WHAT YOU WILL DO »
For the entries that follow, retype exactly the lines from the one containing "На открытии выступили" to the one containing "T. Allom, Türk hamamı.", inclusive, and only those. Images stay out of the copy.

DATA SHOWN »
================
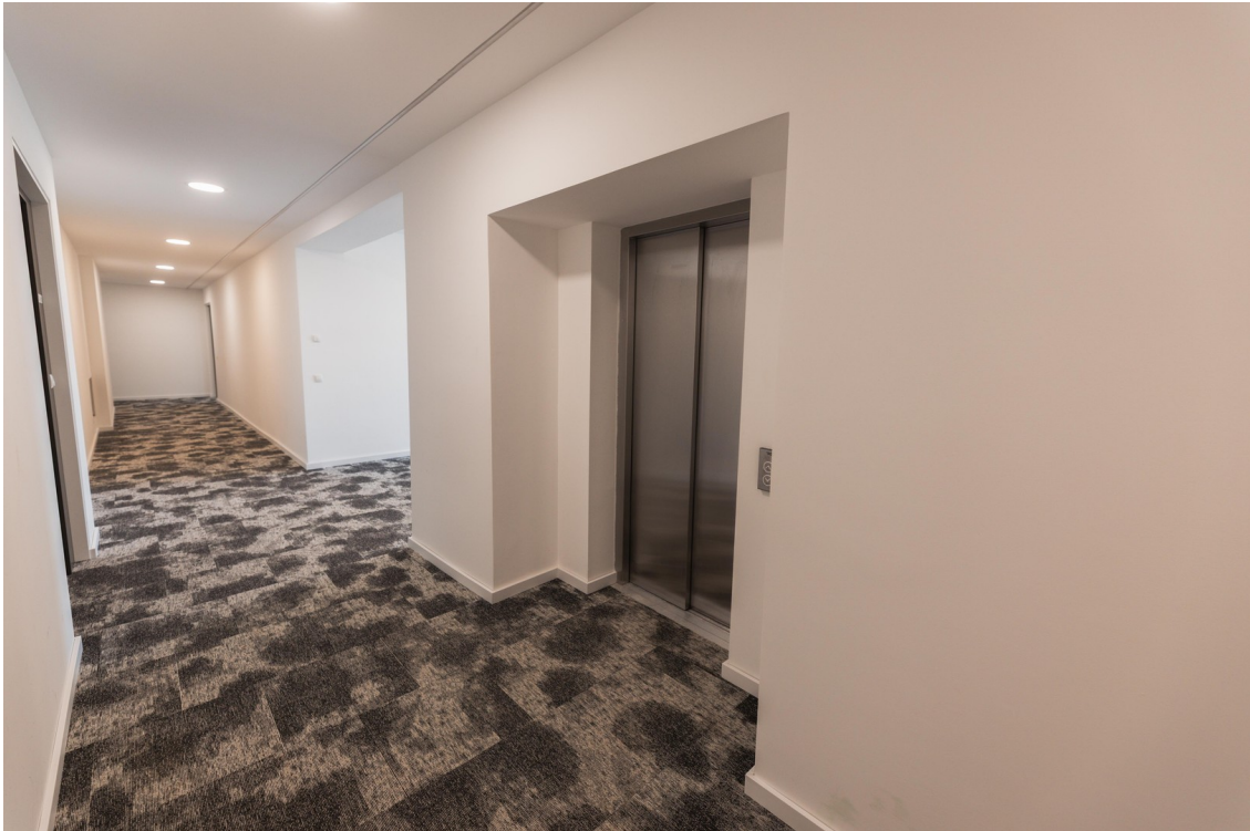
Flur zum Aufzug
================
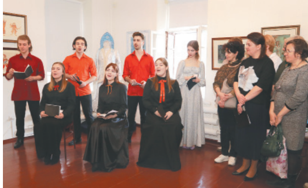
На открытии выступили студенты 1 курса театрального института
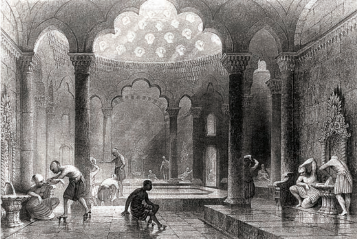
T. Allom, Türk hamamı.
================
ANSWER AREA »
На открытии выступили студенты 1 курса театрального института
T. Allom, Türk hamamı.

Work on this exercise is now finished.